[Data shown]

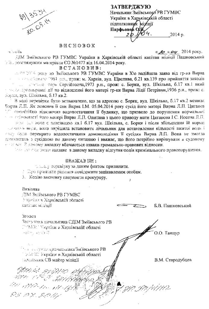 В ответ на заявление о происшествии из Змиевского райотдела милиции пришел даже не ответ — вывод за № 79/3534 от 20 апреля 2014 года. За подписью аж двух заместителей начальника райотдела и одного участкового. Мол, ничего криминального мы не усматриваем, просто соседи не сумели договориться. А потому, дорогие граждане, не отвлекайте нас по пустякам. Это гражданско-правовые отношение, идите в суд.
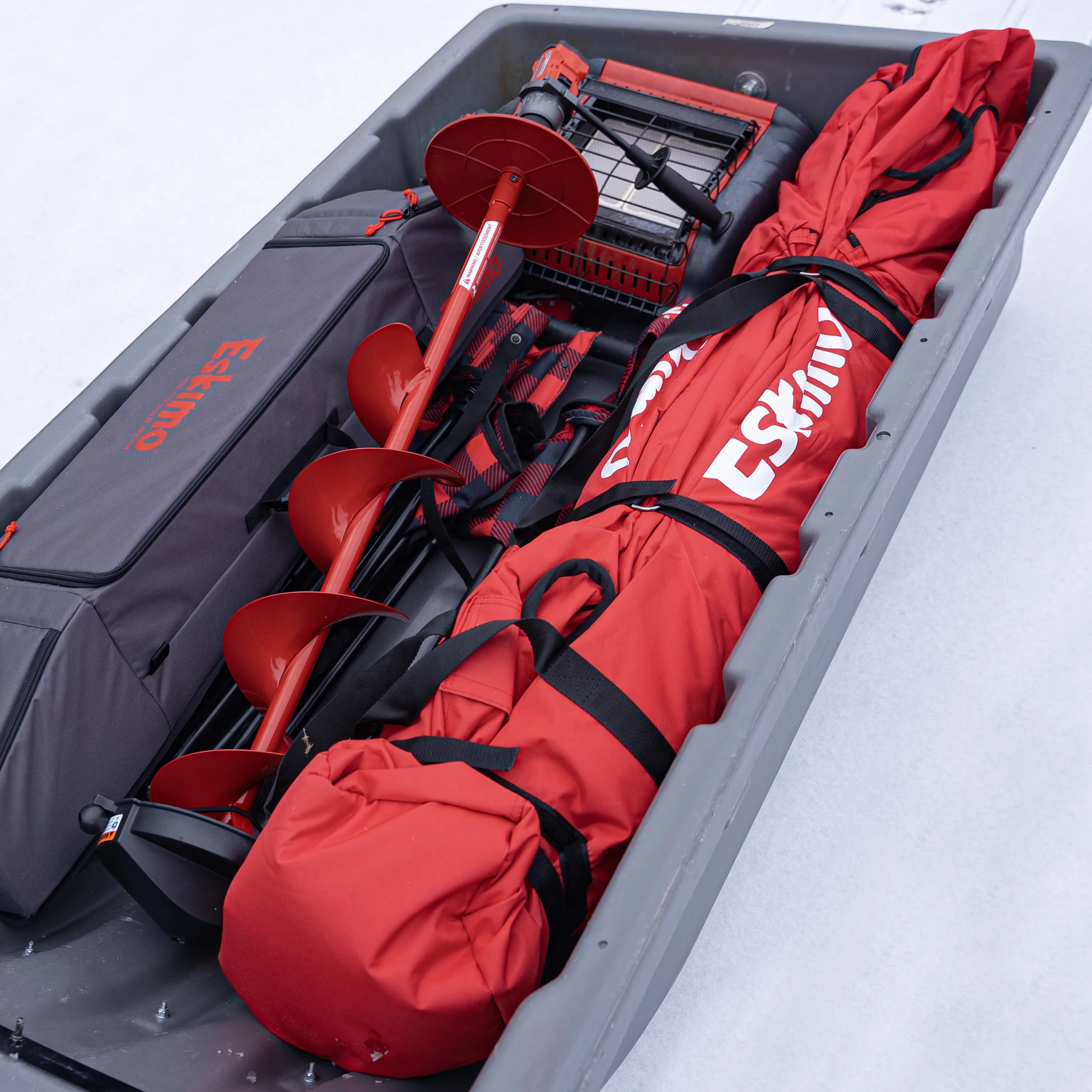 - DELUXE TIE DOWNS – Includes nine (9) ice anchors and four (4) deluxe cam straps to secure each in-skirt grommet and hub of the shelter.
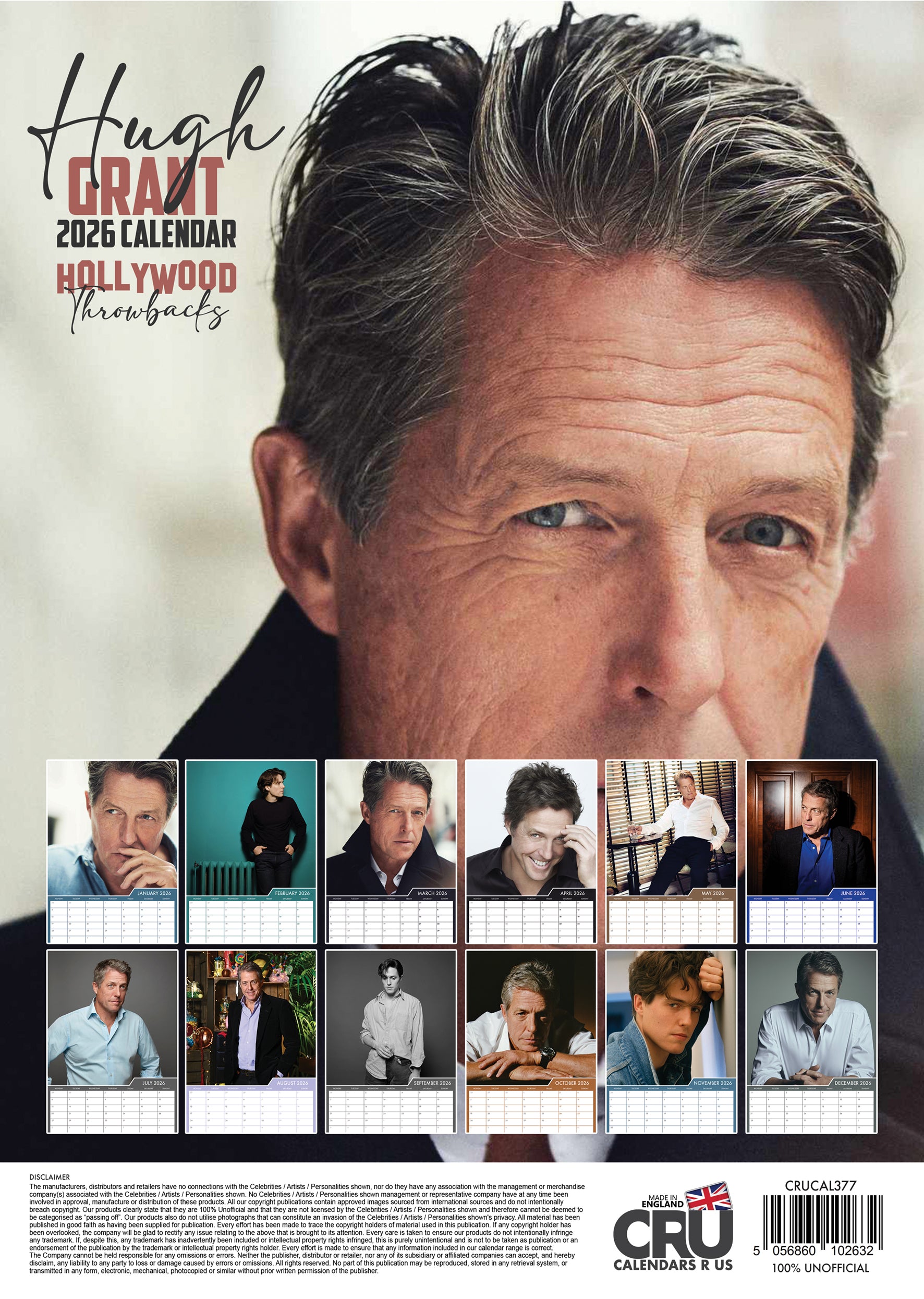 Get ready to swoon all year long with the charming Hugh Grant A3 calendar for 2026! Keep track of the days while enjoying swoon-worthy photos of Hugh Grant for each month. The perfect gift for any fan of this beloved actor. 2026 just got a whole lot dreamier.
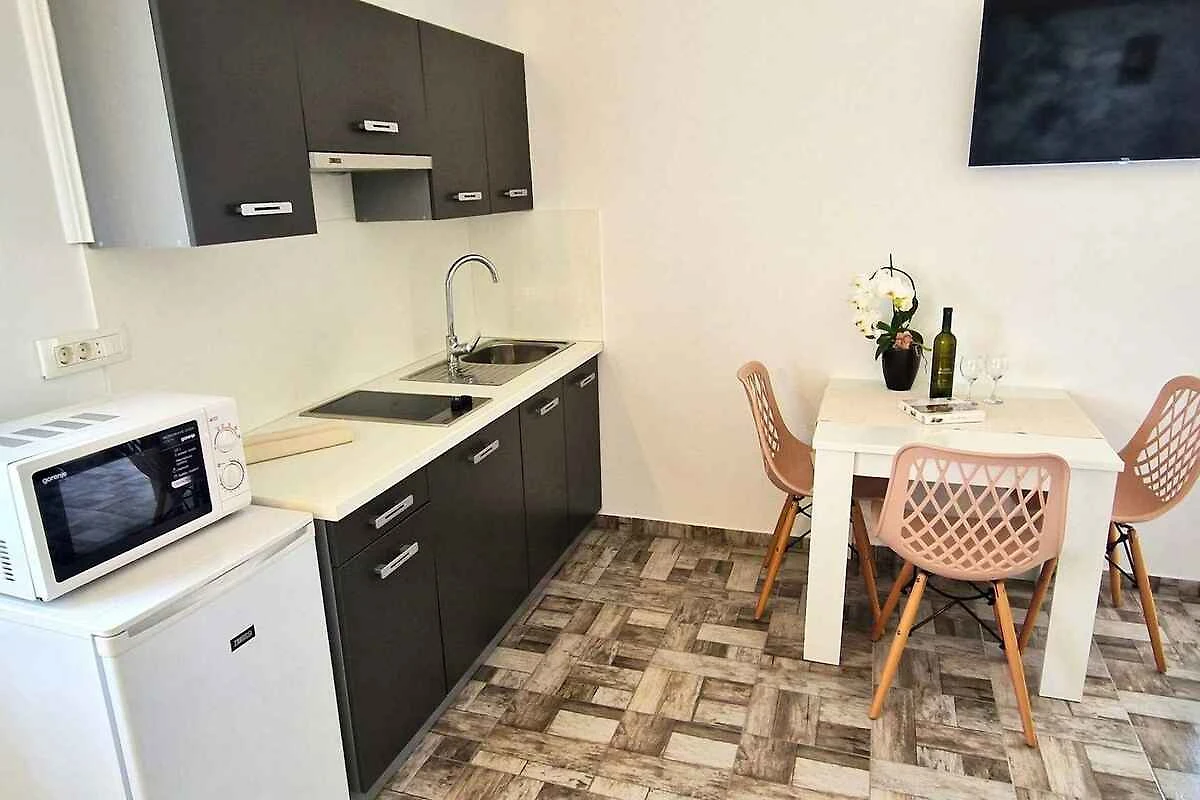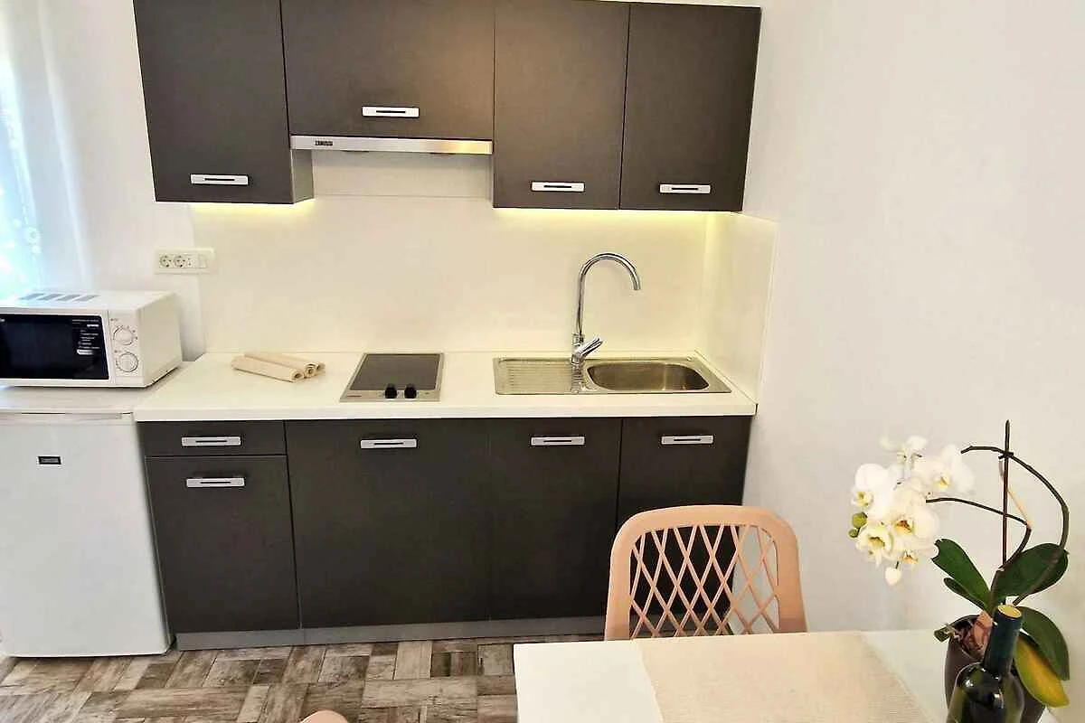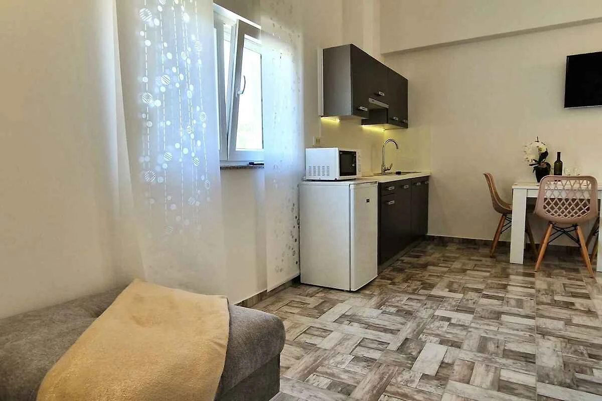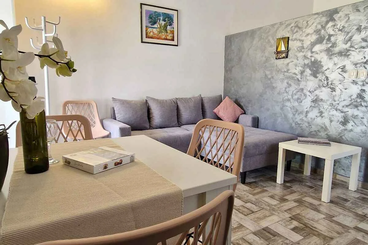 Krk. Mieszkanie wakacyjne znajduje się na zamkniętej posesji, otoczonej murem. Zabytki Krk (otok Krk) można zobaczyć w centrum, 5000 m dalej. Dojazd drogą boczną (gruz lub żwir). Parking na posesji.
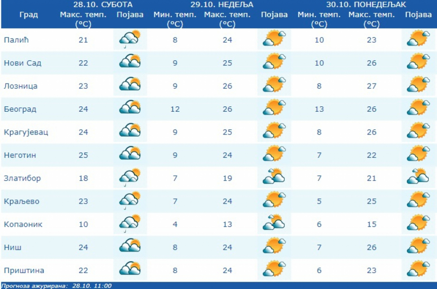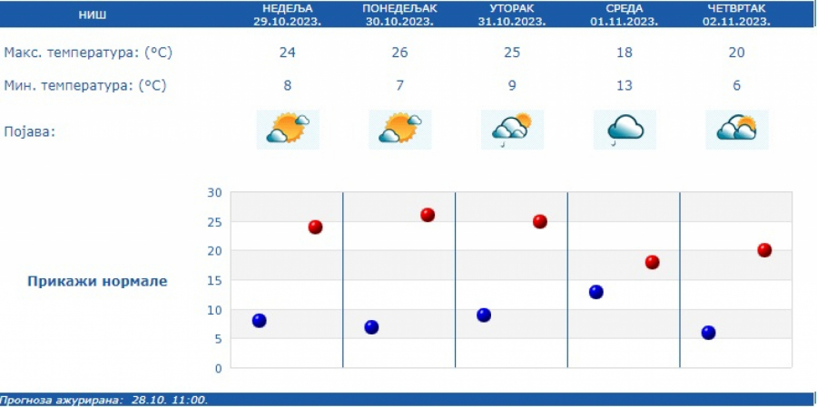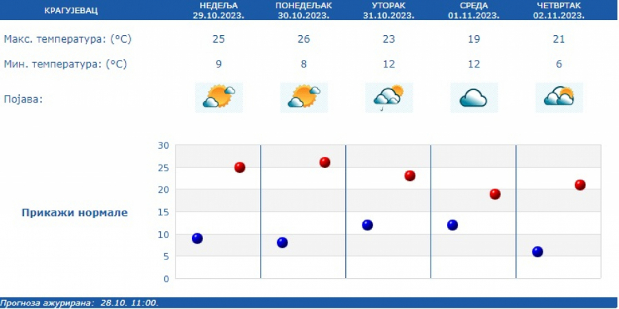 Vetar će biti slab i umeren, južnih pravaca. Najniža temperatura od 7 do 12 C, a najviša dnevna od 23 do 26 C, saopštio je Republički hidrometeorološki zavod.

[/Data shown]

*What to produce*: Print the records verbatim, without pictures.

*Written response*:
 В ответ на заявление о происшествии из Змиевского райотдела милиции пришел даже не ответ — вывод за № 79/3534 от 20 апреля 2014 года. За подписью аж двух заместителей начальника райотдела и одного участкового. Мол, ничего криминального мы не усматриваем, просто соседи не сумели договориться. А потому, дорогие граждане, не отвлекайте нас по пустякам. Это гражданско-правовые отношение, идите в суд.
 - DELUXE TIE DOWNS – Includes nine (9) ice anchors and four (4) deluxe cam straps to secure each in-skirt grommet and hub of the shelter.
 Get ready to swoon all year long with the charming Hugh Grant A3 calendar for 2026! Keep track of the days while enjoying swoon-worthy photos of Hugh Grant for each month. The perfect gift for any fan of this beloved actor. 2026 just got a whole lot dreamier.
 Krk. Mieszkanie wakacyjne znajduje się na zamkniętej posesji, otoczonej murem. Zabytki Krk (otok Krk) można zobaczyć w centrum, 5000 m dalej. Dojazd drogą boczną (gruz lub żwir). Parking na posesji.
 Vetar će biti slab i umeren, južnih pravaca. Najniža temperatura od 7 do 12 C, a najviša dnevna od 23 do 26 C, saopštio je Republički hidrometeorološki zavod.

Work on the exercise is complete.